REQUIRED WORK: Omit all images, then repeat exactly the lines below from the one containing "Set of 2 Scatter" through the one containing "У нього входять", both ends included.

INPUT DATA:
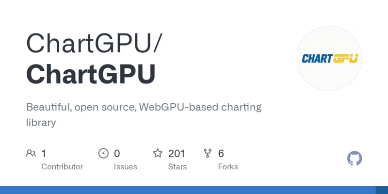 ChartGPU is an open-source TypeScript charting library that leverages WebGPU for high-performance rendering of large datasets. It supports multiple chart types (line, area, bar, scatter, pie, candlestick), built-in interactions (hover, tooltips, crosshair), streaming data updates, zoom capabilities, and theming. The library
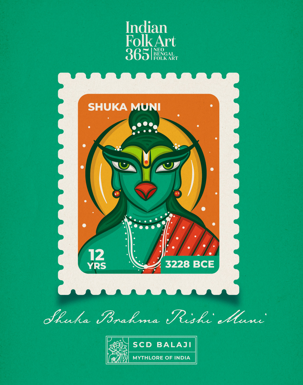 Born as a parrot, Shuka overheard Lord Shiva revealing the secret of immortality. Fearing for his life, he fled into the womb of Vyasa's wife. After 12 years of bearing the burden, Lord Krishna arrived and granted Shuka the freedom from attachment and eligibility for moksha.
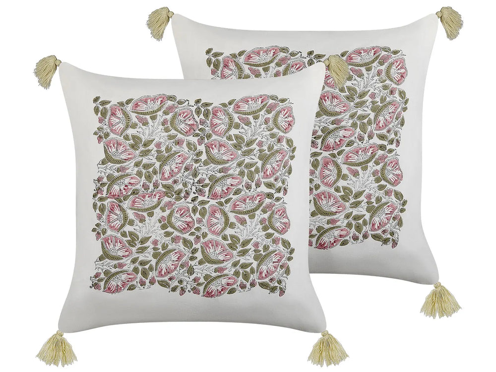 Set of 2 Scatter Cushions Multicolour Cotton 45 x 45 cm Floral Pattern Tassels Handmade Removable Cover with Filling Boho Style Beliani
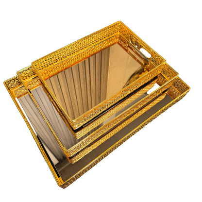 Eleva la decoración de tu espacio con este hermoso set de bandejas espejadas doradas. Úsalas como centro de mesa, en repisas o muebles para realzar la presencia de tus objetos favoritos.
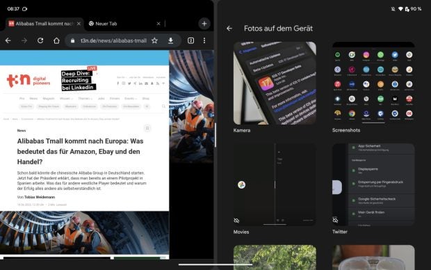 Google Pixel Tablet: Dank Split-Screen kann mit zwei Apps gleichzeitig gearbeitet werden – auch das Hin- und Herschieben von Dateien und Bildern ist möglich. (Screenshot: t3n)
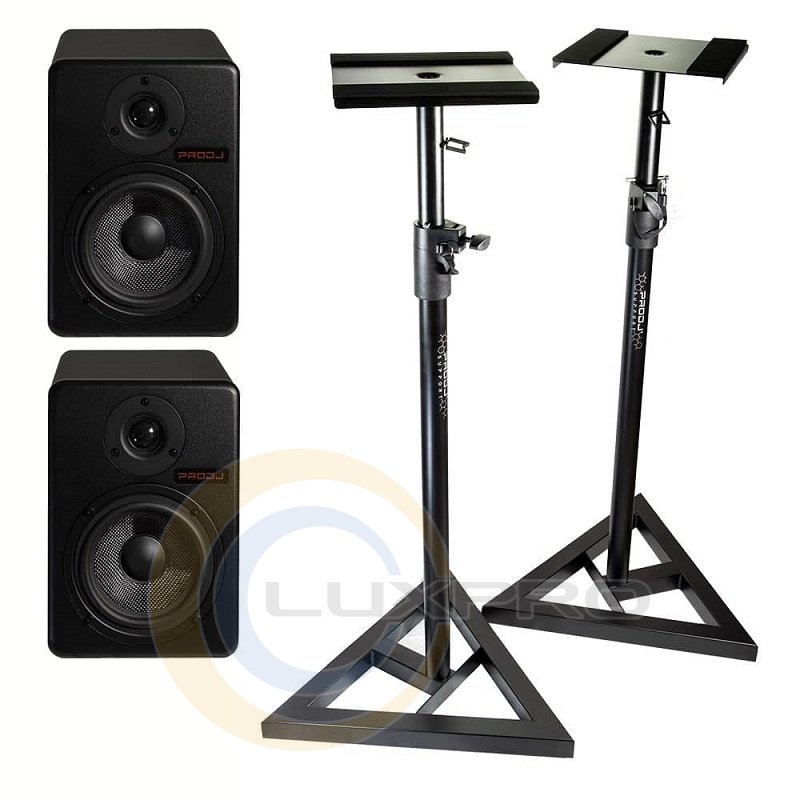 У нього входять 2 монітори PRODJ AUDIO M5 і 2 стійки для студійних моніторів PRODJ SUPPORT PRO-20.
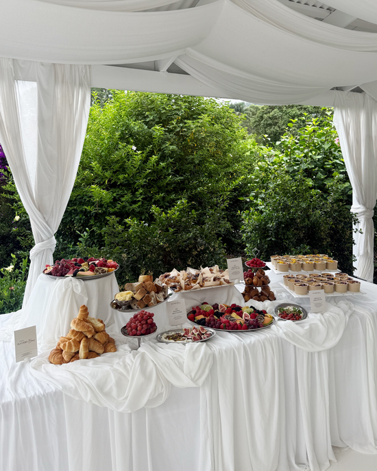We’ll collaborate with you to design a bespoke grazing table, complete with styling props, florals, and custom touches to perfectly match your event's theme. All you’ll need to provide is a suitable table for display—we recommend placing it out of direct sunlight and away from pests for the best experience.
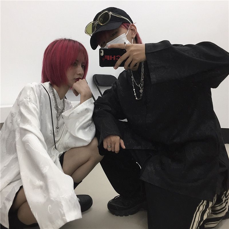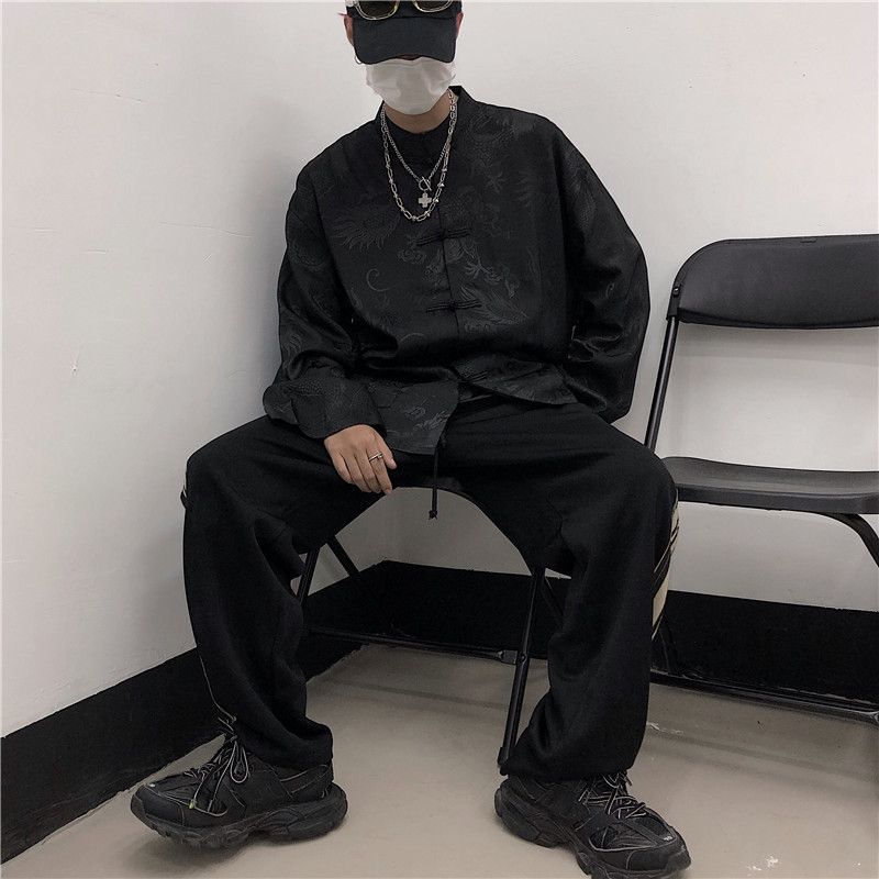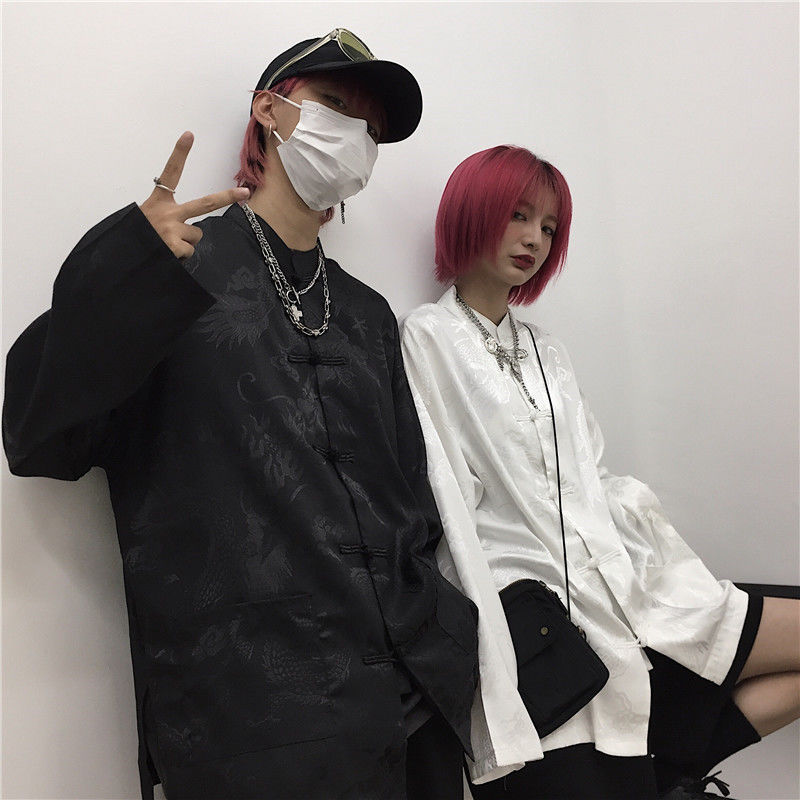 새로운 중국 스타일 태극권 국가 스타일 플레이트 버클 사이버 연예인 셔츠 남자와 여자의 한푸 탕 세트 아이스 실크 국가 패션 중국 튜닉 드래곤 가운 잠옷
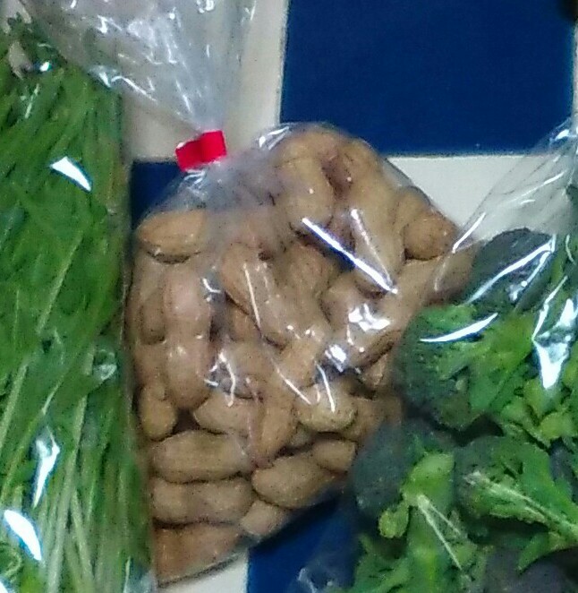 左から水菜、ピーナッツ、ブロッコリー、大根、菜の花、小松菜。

TASK OUTPUT:
 Set of 2 Scatter Cushions Multicolour Cotton 45 x 45 cm Floral Pattern Tassels Handmade Removable Cover with Filling Boho Style Beliani
 Eleva la decoración de tu espacio con este hermoso set de bandejas espejadas doradas. Úsalas como centro de mesa, en repisas o muebles para realzar la presencia de tus objetos favoritos.
 Google Pixel Tablet: Dank Split-Screen kann mit zwei Apps gleichzeitig gearbeitet werden – auch das Hin- und Herschieben von Dateien und Bildern ist möglich. (Screenshot: t3n)
 У нього входять 2 монітори PRODJ AUDIO M5 і 2 стійки для студійних моніторів PRODJ SUPPORT PRO-20.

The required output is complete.